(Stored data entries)

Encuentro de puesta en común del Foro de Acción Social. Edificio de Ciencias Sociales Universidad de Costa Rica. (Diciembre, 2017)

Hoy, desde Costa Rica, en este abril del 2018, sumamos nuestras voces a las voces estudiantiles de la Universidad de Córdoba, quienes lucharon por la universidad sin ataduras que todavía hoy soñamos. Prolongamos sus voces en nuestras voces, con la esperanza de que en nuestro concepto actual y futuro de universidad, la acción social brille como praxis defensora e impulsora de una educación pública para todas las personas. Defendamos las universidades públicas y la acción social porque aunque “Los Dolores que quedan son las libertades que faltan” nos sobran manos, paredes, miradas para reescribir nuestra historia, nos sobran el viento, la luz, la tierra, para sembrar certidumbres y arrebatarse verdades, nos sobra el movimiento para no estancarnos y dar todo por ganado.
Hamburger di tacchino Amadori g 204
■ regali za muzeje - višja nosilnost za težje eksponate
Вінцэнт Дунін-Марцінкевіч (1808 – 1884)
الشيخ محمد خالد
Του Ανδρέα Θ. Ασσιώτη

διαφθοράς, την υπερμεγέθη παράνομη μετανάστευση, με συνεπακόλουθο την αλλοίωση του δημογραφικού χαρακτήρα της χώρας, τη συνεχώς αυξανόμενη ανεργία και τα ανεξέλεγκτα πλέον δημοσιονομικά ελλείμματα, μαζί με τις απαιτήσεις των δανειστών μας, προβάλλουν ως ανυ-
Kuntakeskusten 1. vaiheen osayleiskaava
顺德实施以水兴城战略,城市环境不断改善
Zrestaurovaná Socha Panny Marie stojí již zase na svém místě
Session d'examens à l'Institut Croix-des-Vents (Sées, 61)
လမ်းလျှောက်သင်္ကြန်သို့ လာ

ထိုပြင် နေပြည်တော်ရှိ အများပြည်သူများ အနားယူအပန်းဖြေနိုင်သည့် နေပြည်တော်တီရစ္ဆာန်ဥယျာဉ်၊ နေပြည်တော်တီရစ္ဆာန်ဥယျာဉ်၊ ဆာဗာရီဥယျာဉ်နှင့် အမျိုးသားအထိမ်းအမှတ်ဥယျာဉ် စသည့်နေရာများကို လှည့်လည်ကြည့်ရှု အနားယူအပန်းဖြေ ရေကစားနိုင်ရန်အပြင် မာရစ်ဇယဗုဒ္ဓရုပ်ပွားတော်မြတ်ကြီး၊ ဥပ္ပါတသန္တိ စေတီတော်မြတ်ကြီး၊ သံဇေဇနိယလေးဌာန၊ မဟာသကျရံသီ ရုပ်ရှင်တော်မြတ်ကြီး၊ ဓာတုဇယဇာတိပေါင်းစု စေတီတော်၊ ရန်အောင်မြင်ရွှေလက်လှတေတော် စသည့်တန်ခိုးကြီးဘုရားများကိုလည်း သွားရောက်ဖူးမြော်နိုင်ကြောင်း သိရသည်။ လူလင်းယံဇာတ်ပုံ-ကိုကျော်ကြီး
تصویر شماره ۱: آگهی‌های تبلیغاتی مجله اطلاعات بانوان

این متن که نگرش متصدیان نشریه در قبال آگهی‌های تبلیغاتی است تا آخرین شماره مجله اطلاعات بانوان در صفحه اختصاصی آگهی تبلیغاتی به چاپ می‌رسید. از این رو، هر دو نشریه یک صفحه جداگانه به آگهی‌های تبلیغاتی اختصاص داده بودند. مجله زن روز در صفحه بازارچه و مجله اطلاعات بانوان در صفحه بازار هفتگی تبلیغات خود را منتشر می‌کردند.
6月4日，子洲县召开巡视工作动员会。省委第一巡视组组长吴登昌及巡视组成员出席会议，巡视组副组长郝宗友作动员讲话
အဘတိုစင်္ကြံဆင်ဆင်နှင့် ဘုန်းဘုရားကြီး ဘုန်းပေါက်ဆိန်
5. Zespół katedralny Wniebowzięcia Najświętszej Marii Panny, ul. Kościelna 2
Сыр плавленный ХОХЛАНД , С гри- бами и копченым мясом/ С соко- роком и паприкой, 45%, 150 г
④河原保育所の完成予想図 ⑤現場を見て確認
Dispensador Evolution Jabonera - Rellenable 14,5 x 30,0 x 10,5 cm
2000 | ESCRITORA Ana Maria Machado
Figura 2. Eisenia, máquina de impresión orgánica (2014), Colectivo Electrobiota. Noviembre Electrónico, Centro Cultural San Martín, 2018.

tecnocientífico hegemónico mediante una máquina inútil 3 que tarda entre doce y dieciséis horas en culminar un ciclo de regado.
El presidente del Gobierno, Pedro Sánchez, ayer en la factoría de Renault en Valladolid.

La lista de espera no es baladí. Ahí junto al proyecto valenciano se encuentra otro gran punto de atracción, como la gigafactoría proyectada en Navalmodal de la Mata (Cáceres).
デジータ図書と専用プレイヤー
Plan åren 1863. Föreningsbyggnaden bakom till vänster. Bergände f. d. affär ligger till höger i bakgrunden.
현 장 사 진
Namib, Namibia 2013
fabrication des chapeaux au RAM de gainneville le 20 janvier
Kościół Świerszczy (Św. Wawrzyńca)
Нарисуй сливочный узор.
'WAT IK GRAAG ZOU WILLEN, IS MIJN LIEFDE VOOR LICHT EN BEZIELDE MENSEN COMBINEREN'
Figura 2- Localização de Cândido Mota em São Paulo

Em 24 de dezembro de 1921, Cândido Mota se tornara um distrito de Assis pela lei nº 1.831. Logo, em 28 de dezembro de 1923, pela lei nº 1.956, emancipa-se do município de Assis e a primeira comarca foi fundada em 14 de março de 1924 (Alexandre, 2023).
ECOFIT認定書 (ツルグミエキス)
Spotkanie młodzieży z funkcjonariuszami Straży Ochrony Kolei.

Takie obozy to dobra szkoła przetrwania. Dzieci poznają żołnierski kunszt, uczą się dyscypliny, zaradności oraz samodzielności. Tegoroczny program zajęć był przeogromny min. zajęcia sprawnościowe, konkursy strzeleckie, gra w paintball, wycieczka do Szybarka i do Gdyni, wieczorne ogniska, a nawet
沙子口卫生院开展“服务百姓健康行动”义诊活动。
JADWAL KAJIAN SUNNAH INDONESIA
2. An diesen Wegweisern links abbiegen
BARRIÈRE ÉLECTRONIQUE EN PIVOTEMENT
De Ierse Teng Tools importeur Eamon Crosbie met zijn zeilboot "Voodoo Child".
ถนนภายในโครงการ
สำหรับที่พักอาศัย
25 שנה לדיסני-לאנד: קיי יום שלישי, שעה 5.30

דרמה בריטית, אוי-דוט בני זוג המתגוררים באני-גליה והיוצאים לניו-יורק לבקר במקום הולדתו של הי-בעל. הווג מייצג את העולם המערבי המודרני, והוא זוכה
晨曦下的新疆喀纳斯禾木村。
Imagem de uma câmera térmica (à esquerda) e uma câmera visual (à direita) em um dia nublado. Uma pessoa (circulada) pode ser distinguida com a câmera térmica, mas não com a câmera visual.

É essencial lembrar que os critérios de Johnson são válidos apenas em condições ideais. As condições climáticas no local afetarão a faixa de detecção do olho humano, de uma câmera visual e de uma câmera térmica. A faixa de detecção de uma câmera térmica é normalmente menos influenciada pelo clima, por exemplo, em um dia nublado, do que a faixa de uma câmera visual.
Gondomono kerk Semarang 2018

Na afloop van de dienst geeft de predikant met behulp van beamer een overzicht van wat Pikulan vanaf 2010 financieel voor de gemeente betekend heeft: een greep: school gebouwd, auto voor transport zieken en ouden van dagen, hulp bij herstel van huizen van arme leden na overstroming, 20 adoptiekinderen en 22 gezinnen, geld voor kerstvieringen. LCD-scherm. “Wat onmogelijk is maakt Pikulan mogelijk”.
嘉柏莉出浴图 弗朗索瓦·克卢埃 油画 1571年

(What to do): From the data above, gather every line that includes the word "بانوان".

(Response to the task):
تصویر شماره ۱: آگهی‌های تبلیغاتی مجله اطلاعات بانوان
این متن که نگرش متصدیان نشریه در قبال آگهی‌های تبلیغاتی است تا آخرین شماره مجله اطلاعات بانوان در صفحه اختصاصی آگهی تبلیغاتی به چاپ می‌رسید. از این رو، هر دو نشریه یک صفحه جداگانه به آگهی‌های تبلیغاتی اختصاص داده بودند. مجله زن روز در صفحه بازارچه و مجله اطلاعات بانوان در صفحه بازار هفتگی تبلیغات خود را منتشر می‌کردند.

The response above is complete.